Since your a self proclaimed newbie, let me first start off by saying that a pork shoulder does not necessarily take 12 hours. It might, but then again it might not. It depends on many variables. Always cook to the desired internal meat tempature and not by the amount of time you assume it's going to take.
The meat will continue to take on smoke flavor throughout the cooking process no matter when add the wood. Unless you plan on foiling when the meat hits a certain tempature. Then obviously the meat is wrapped in foil and is just braising in it's own juices + whatever other liquid you may have added. But you do not have to foil. Many do since it creates a moist environment and the meat just becomes fall apart tender.
If you have not been through the 5-day ecourse, I recommend doing that.
Also,
here is a link to Jeff's on-line recipie for doing a shoulder.

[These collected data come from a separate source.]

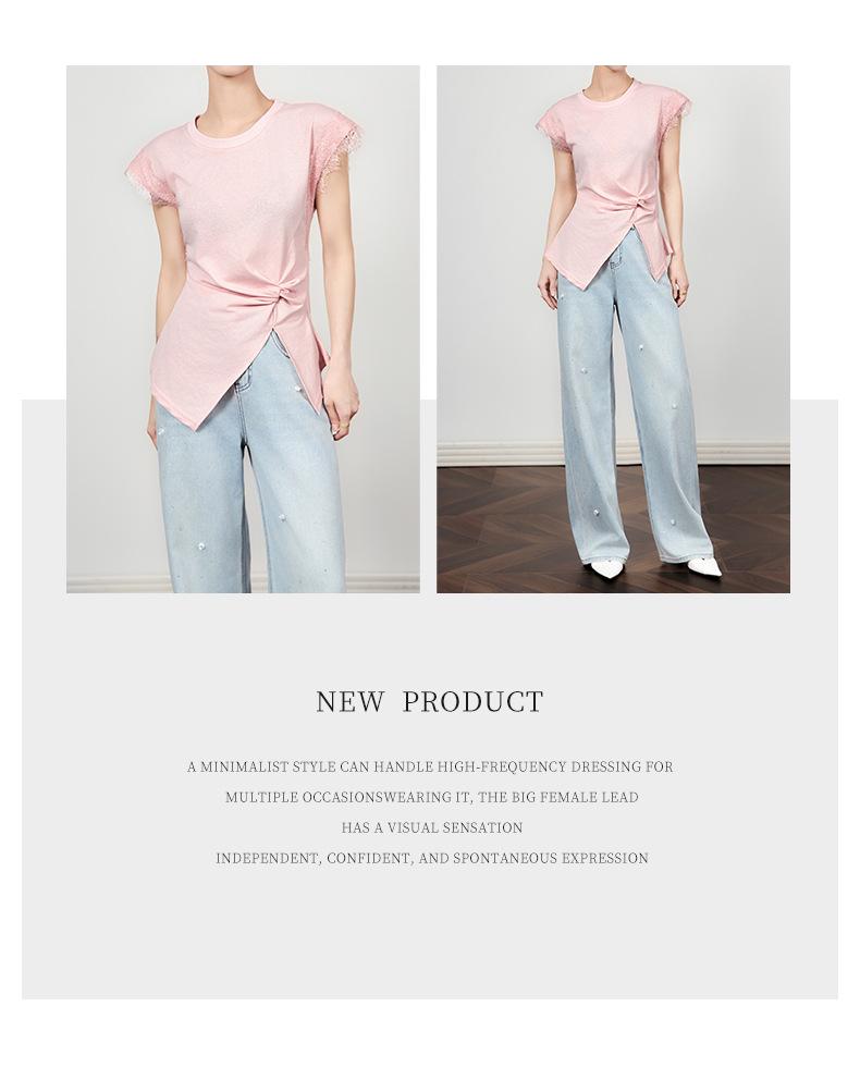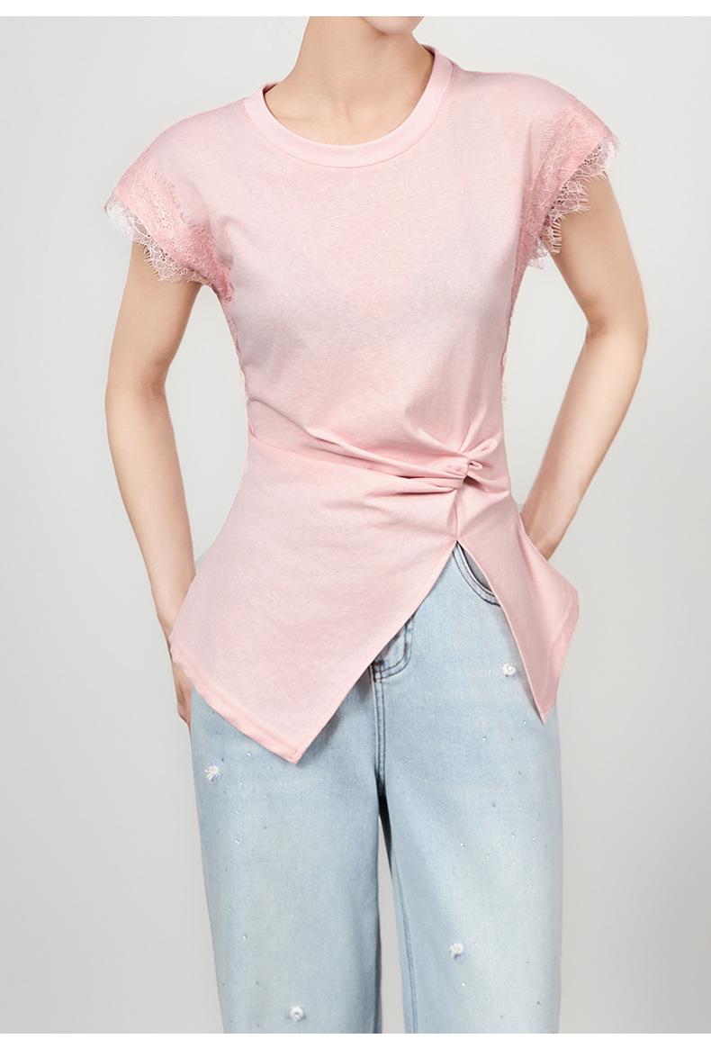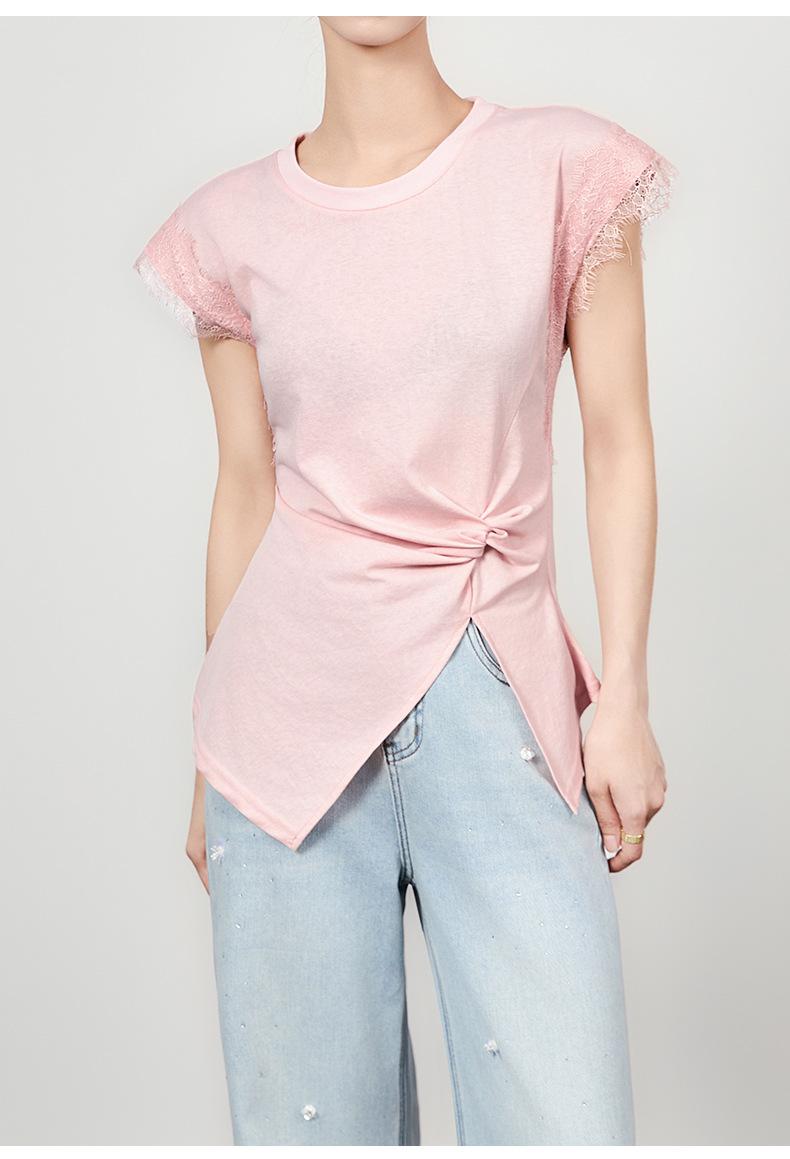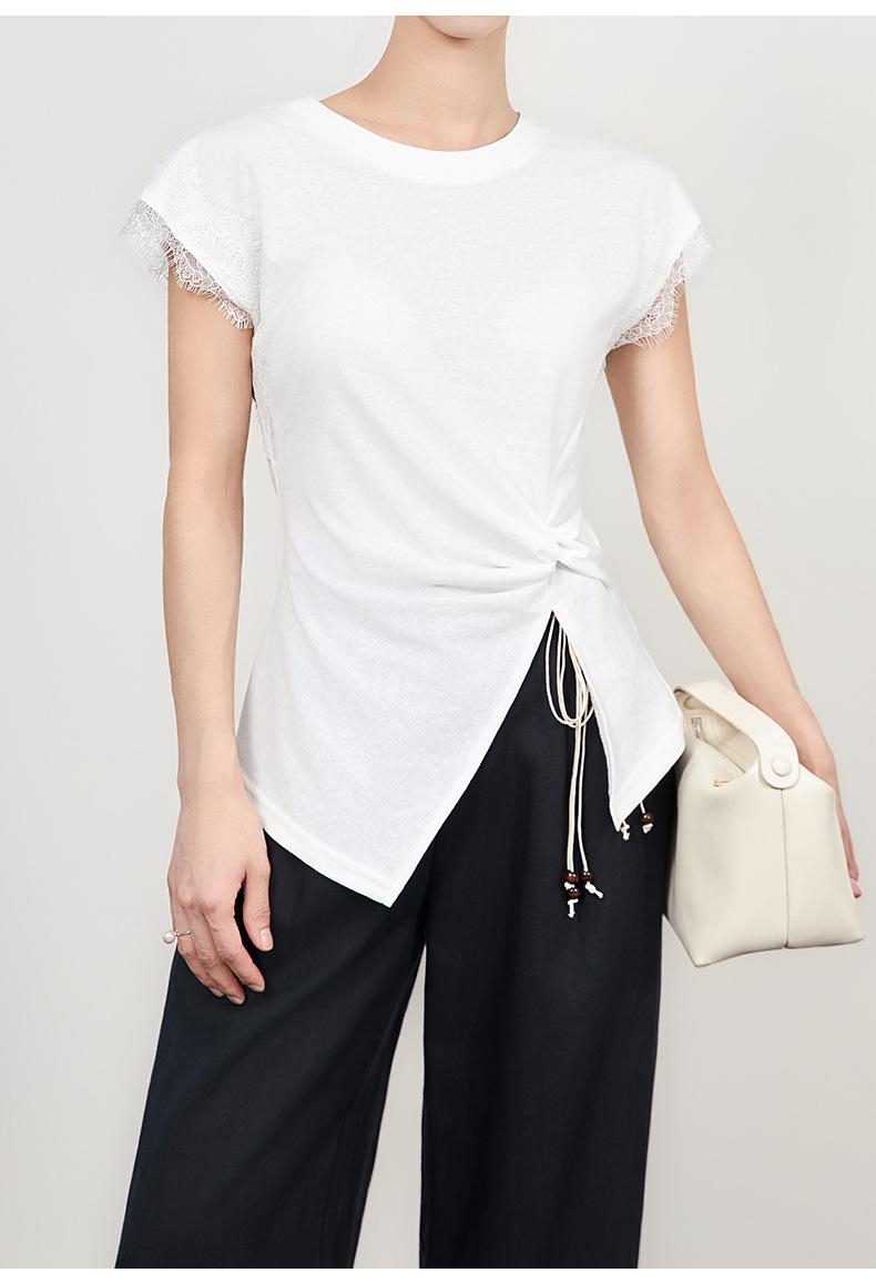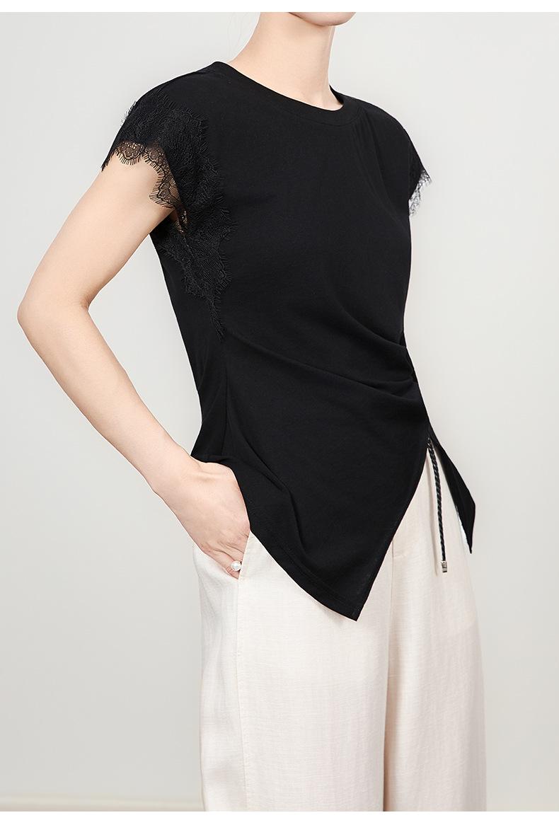 2508109-Nanyou diseño nicho de alta calidad encaje cosido plisado cintura adelgazante camiseta chaqueta nuevo para mujer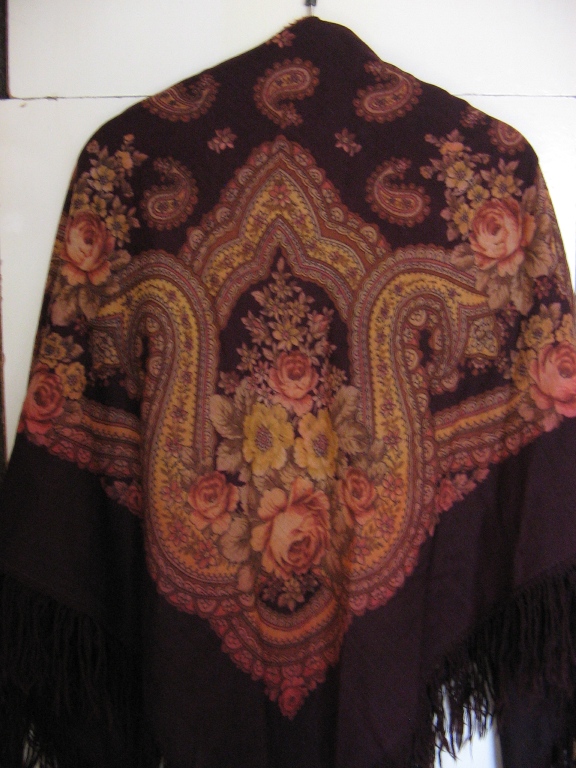 Дорогие форумчанки! У моей коллеги по работе нашелся вот такой платок. По виду он павловопосадский. А вот, когда сделан, неизвестно. Его нашли в сундуке у бабушки, хотели выбросить. Чудом оставили. Состояние его аховое: несколько дырок, цвета слиняли. Но рисунок по-прежнему красив. Цвет фона и каймы темно-вишневый. Бахрома у него шерстяная. Размер: 123х123. Очень хотелось бы знать его название и автора, примерный возраст. Помогите, пожалуйста!
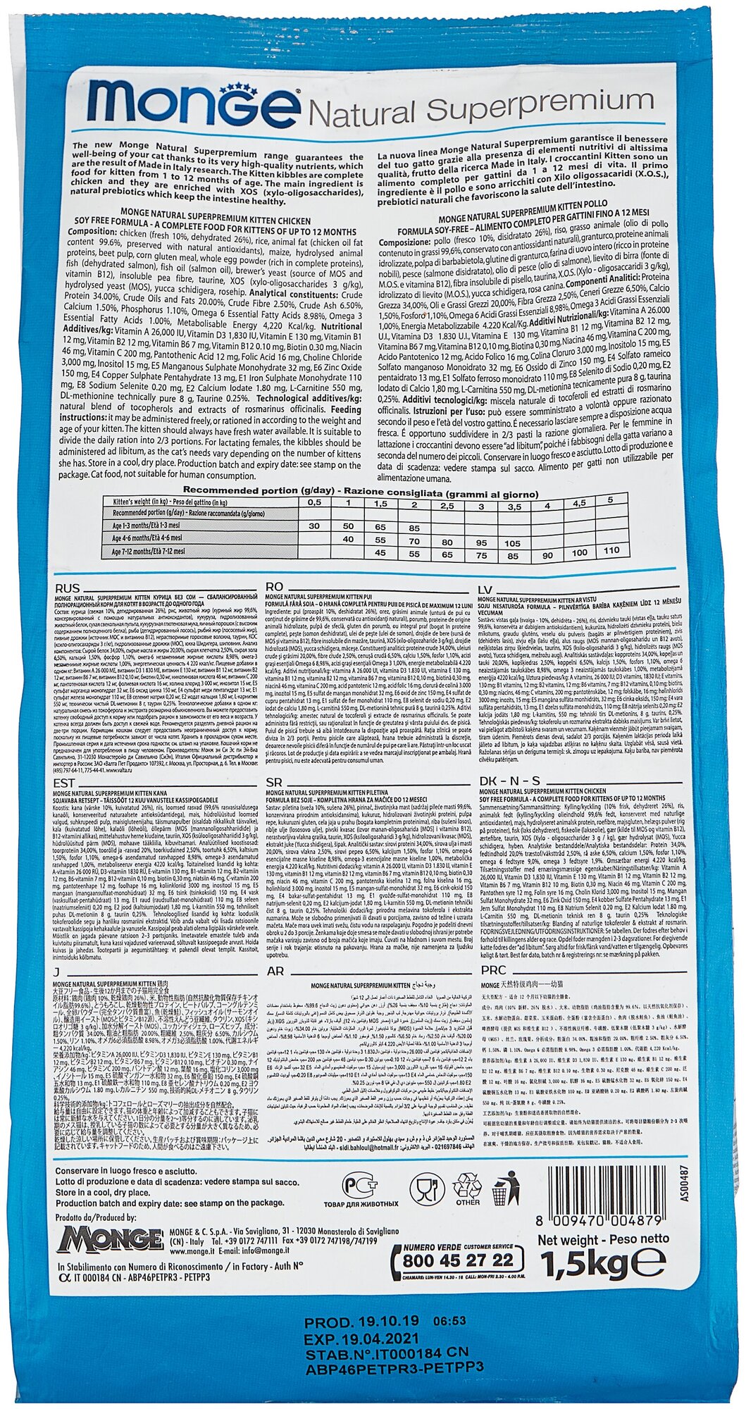 Сухой корм для котят Monge Natural Superpremium, с курицей 1.5 кг
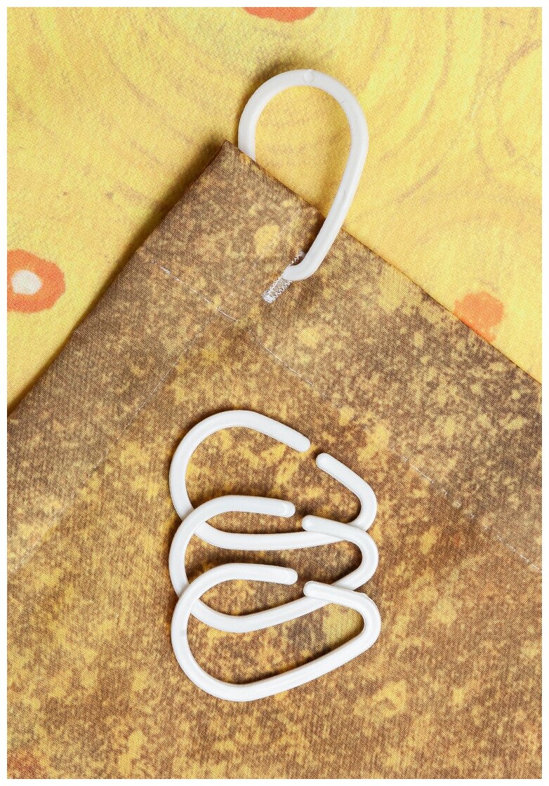 Красиво декорированная шторка, защищающая пол и оборудование ванной комнаты от брызг воды, изготовлена из полиэстера и обладает выраженными водоотталкивающими свойствами. Занавеска для ванной 180х200 комплектуется 12 прочными крючками из пластика и имеет в верхней части столько же обработанных на оверлоке отверстий. Декоративный рисунок нанесен на поверхность ткани при помощи фотопечати. Такие принты не боятся влаги и не смываются даже очень горячей водой.

I would recommend that you start with smoke right from the get-go. Then you can go nap for a few hours (if you're convinced the smoker will be safe and hold temps without supervision) and come back and probe the meat with a quality, calibrated thermometer. When the meat hits 165*F internal temp, wrap in some heavy duty alluminum foil. Add in some apple juice, beer, water, some sort of liquid to help the braising. Then you can go back and nap for a couple more hours. When the meat hits 200-205* pull it from the smoker, and let it rest in a dry cooler wrapped in towels for and hour or two. It'll stay piping hot this way and the meat will continue to break down. Then just open 'er up and start pulling.